# Run Dovers first trip of 2010



## Runned Over (Sep 6, 2008)

My boys were off from school,the weather looked great, and I had some vacation days. Posted up in the "Wanna Ride, Needa ride Section" and the first victim (winner) was Inn Deep.

After some pre communication, in which I "TRIED" to inform him of what he was getting into, we agreed to meet here at this time, and...etc.

Finally get in the water and fly out the Pass at 35 mph for a short run to where I"ve been lucky with Mingo and Trigger. We pulled up the juvenile, of every fish species there is. At 1 reel in, we had 2 juvvie AJ's, and a ARS on a 3 hook rig, on a spinning reel. :doh

Made the move to the Edge and we get some NICE stuff on the bottom machine. I thought there was wreckage here!!! :clap This was just approaching the Edge.

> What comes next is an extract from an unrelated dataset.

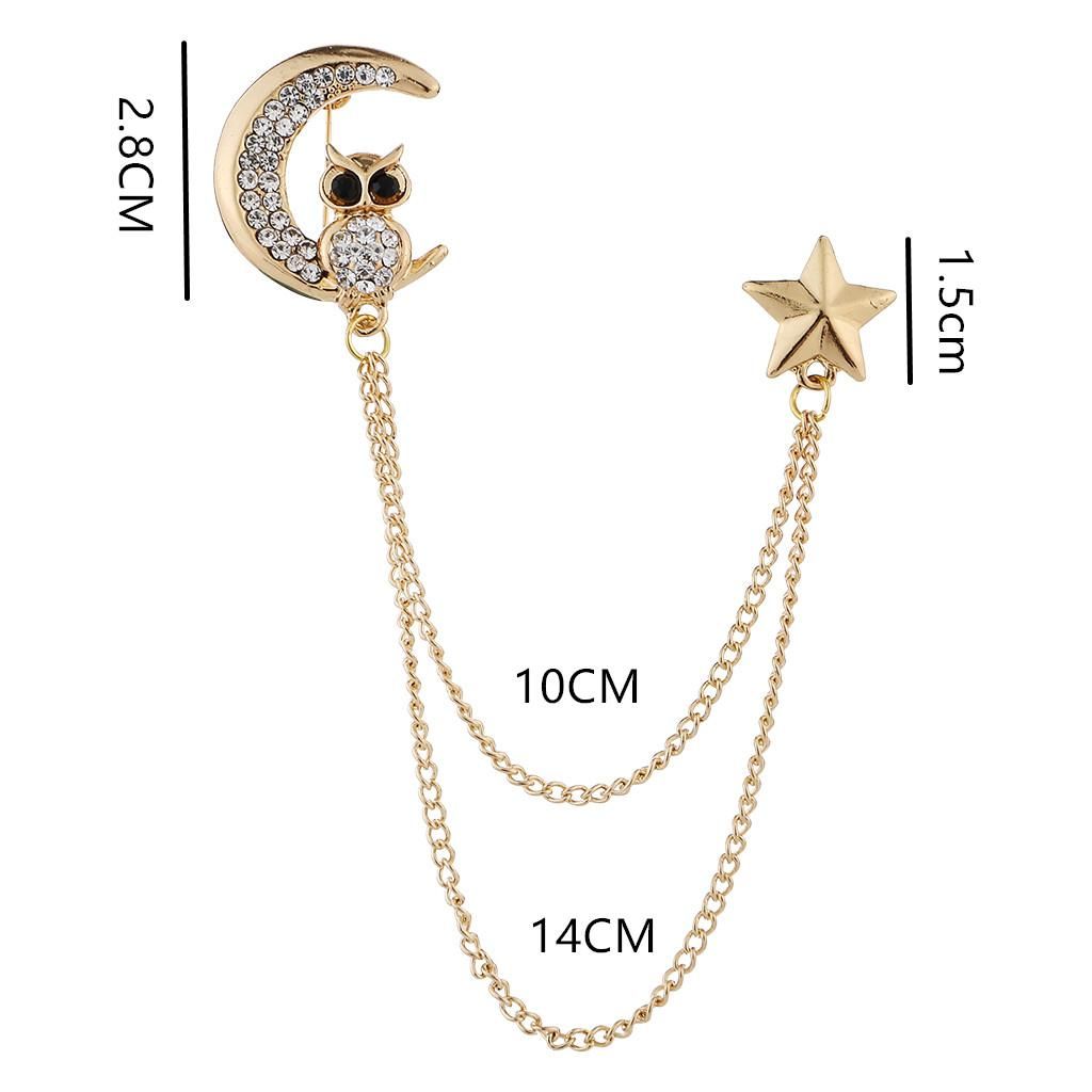 Made of quality alloy , sturdy and durableOwl with tassel chain, elegant and full of charming A nice decoration on clothes, stylish and attractive Can be decorated to suit, banquet clothing, clothing embellishment, wedding, etc.A fashionable and perfect gift. suitable for party, anniversary, graduation, birthday or any special occasions.
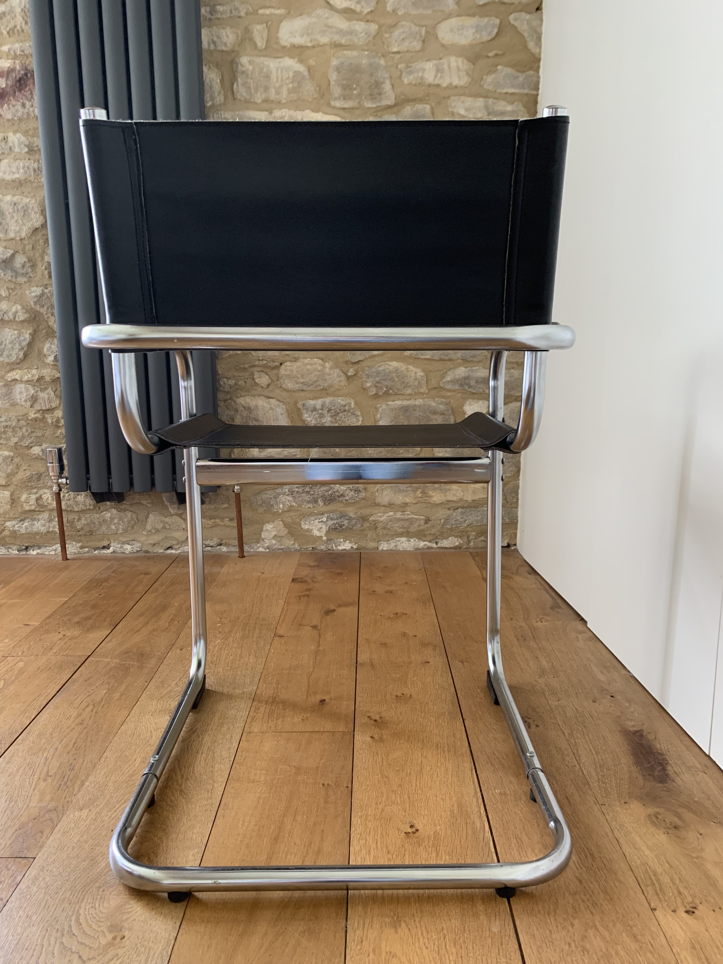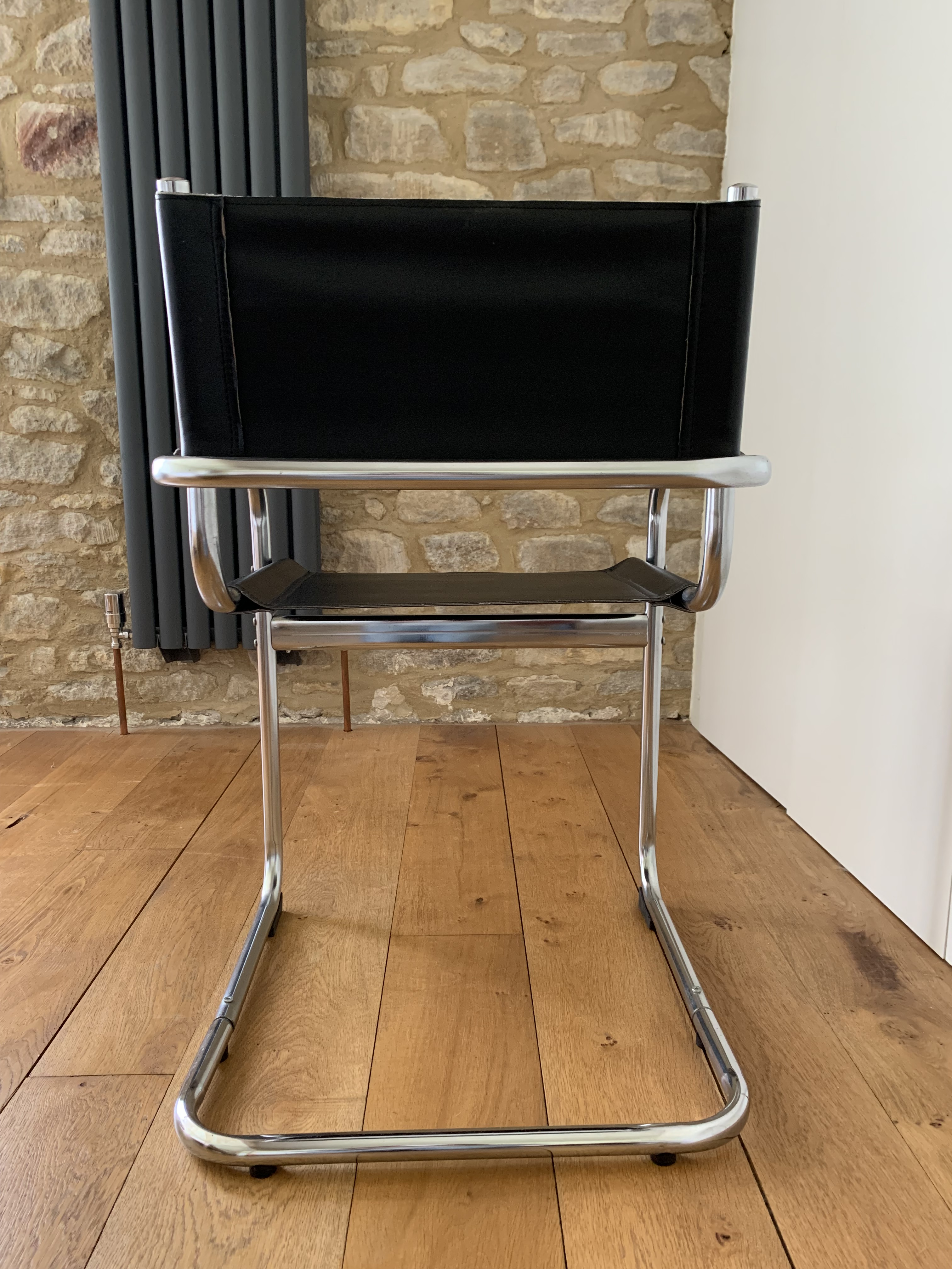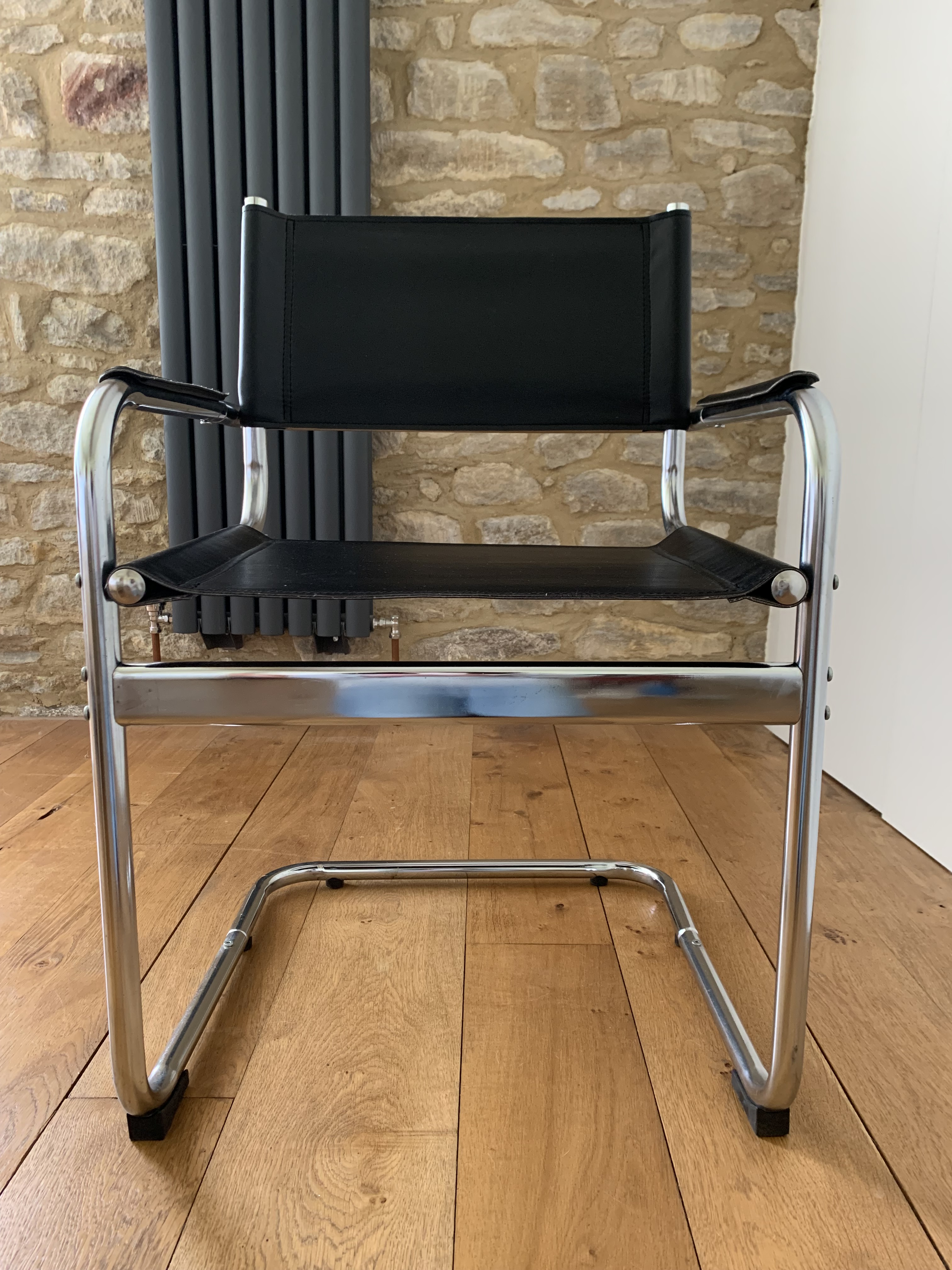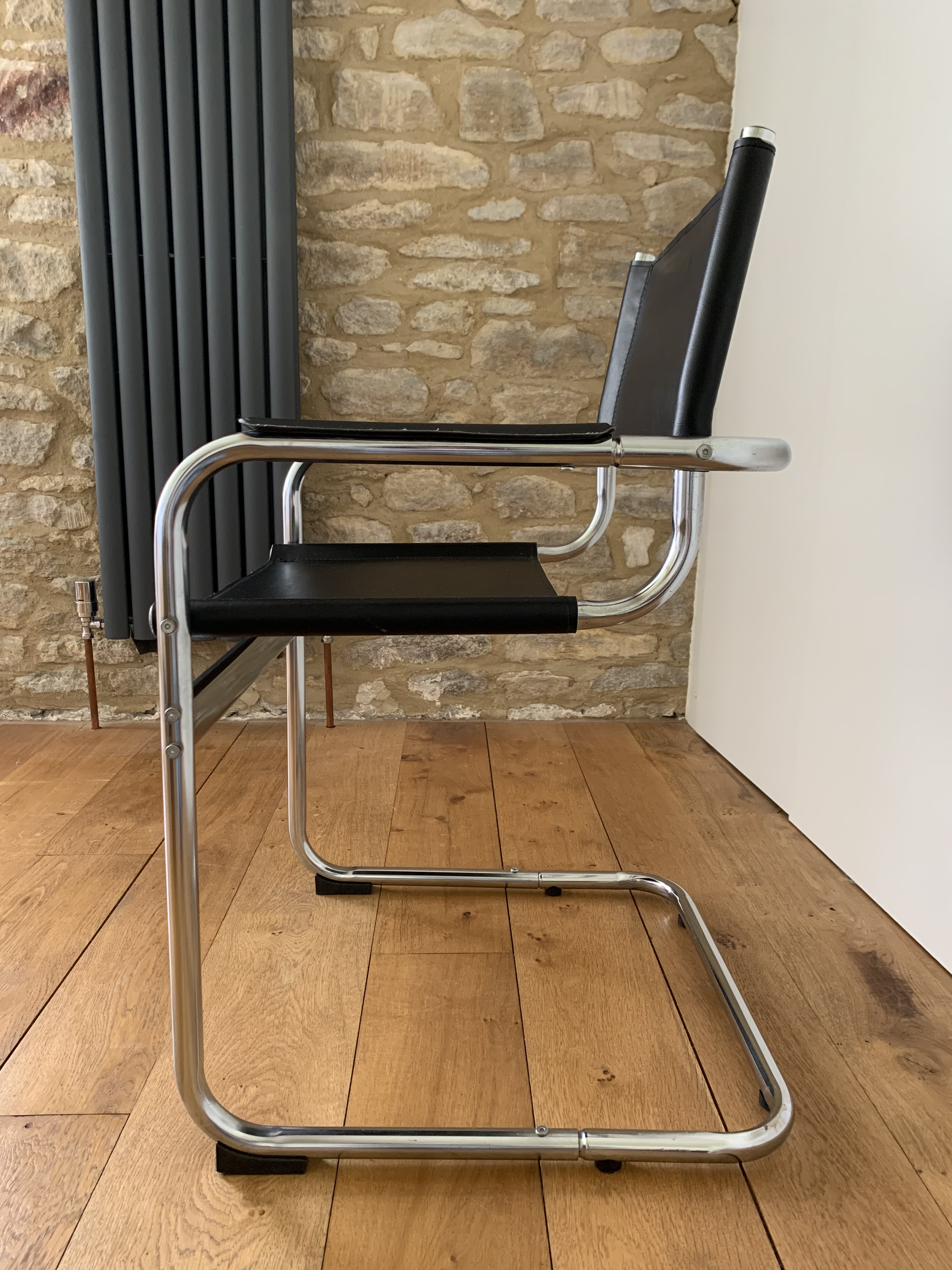 This pair of late mid century iconic Bauhaus / Mart Stam style chairs feature tubular chrome frames and black leatherette seats, backs and arm rests. We don’t know the manufacturer, but these cantilever chairs were likely produced in the UK in the 1980s. Today they would add a very cool slice of late mid century style to your study, an office, living room or dining room. Price £170

After a couple of drifts, we figure out where to drop anchor, and work some beautiful natural bottom with a a drift from the north to South. Perfect!!!

Inn Deep breaks out his "Reel of Pain" (ROP, as the boy's and I now call it) and other assorted rods, and start landing fish. 

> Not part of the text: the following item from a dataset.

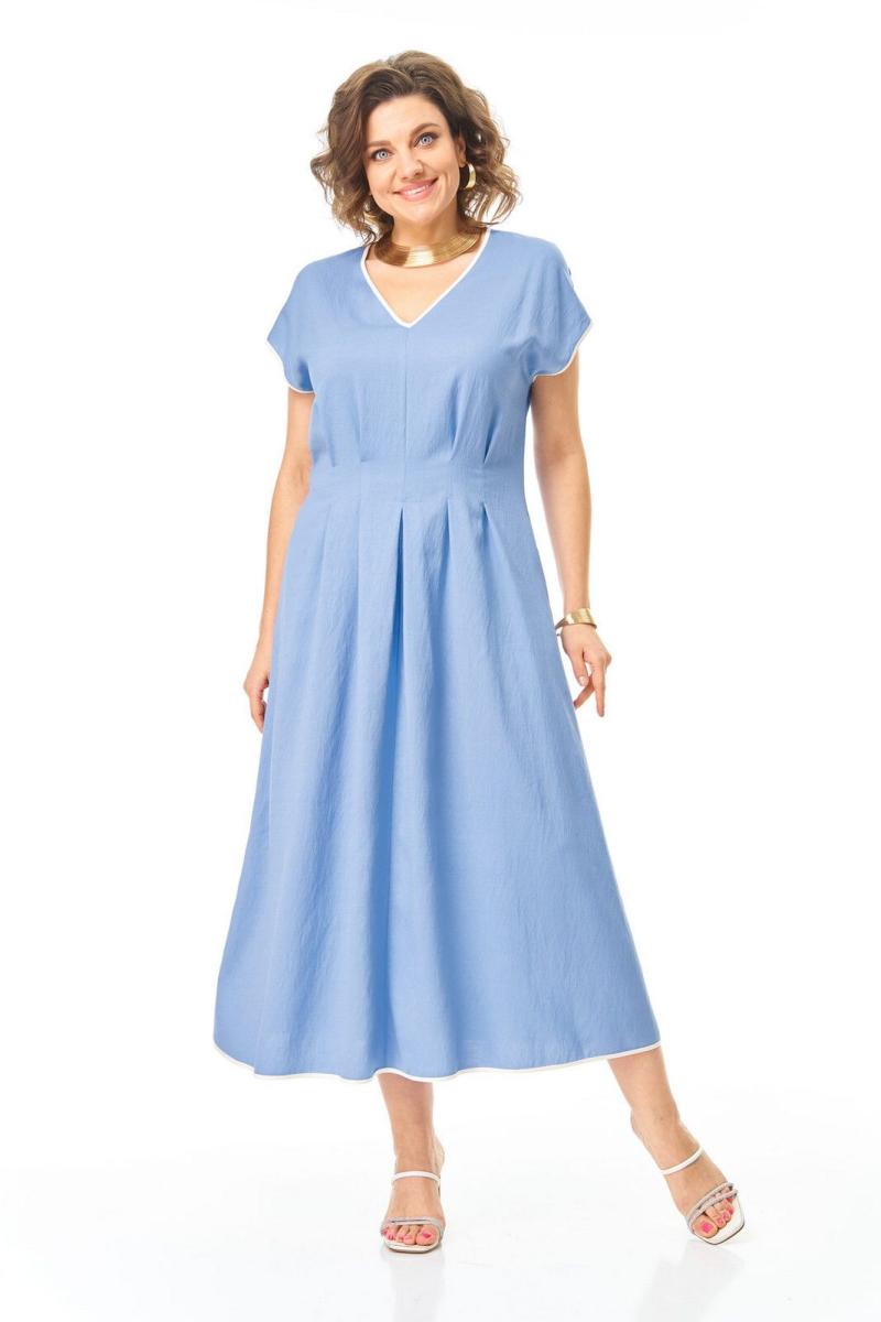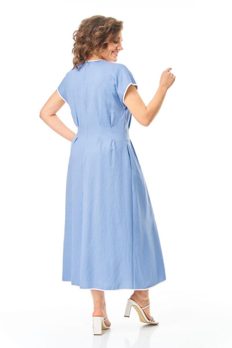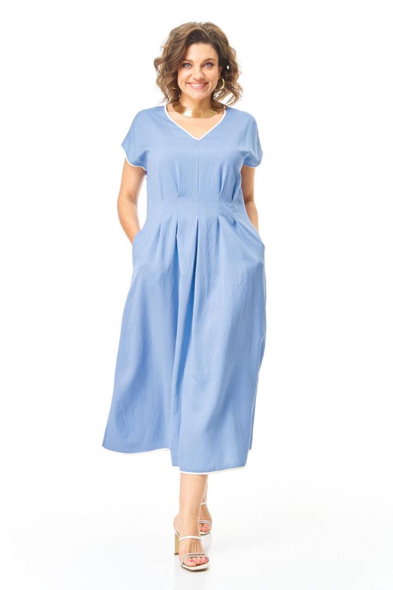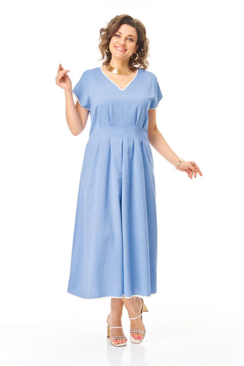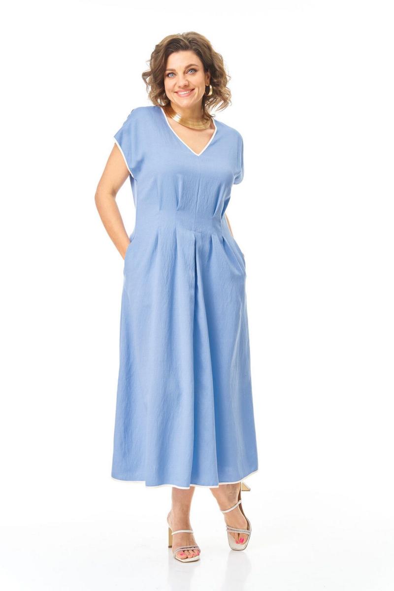 Платье женское полуприлегающего силуэта расширенное к низу со спущенной линией плеча.Рукав типа "летучая мышь".Горловина V-образной формы.В среднем шве спинки застежка на тесьму-молнию.По переду и спинке для придания прилегания застрочены складки.В боковых швах обработаны карманы.Горловина, низ рукава и платья окантованы тканью контрастного цвета.

Live bait on the ROP and BAAM!!!










37in AJ that our handheld said weighed 23lb to 25lb. Zachary reeled it in, and he is now the AJ master of the boat.

We foul hook a BoBo and then start using that as bait. The ROP goes off again, and this time the 2nd mate jumps on it. After a 20 min Battle (8yo clock) we bring this to the top.










Bonita on the bottom, and I look at Inn Deep and :shedevil.

So the next time the ROP goes off, Inn Deep and my 2 boys say it's my turn with this look on there face, :shedevil :shedevil :shedevil

So I man up and start reeling, and after a possible stroke, this comes up.!!!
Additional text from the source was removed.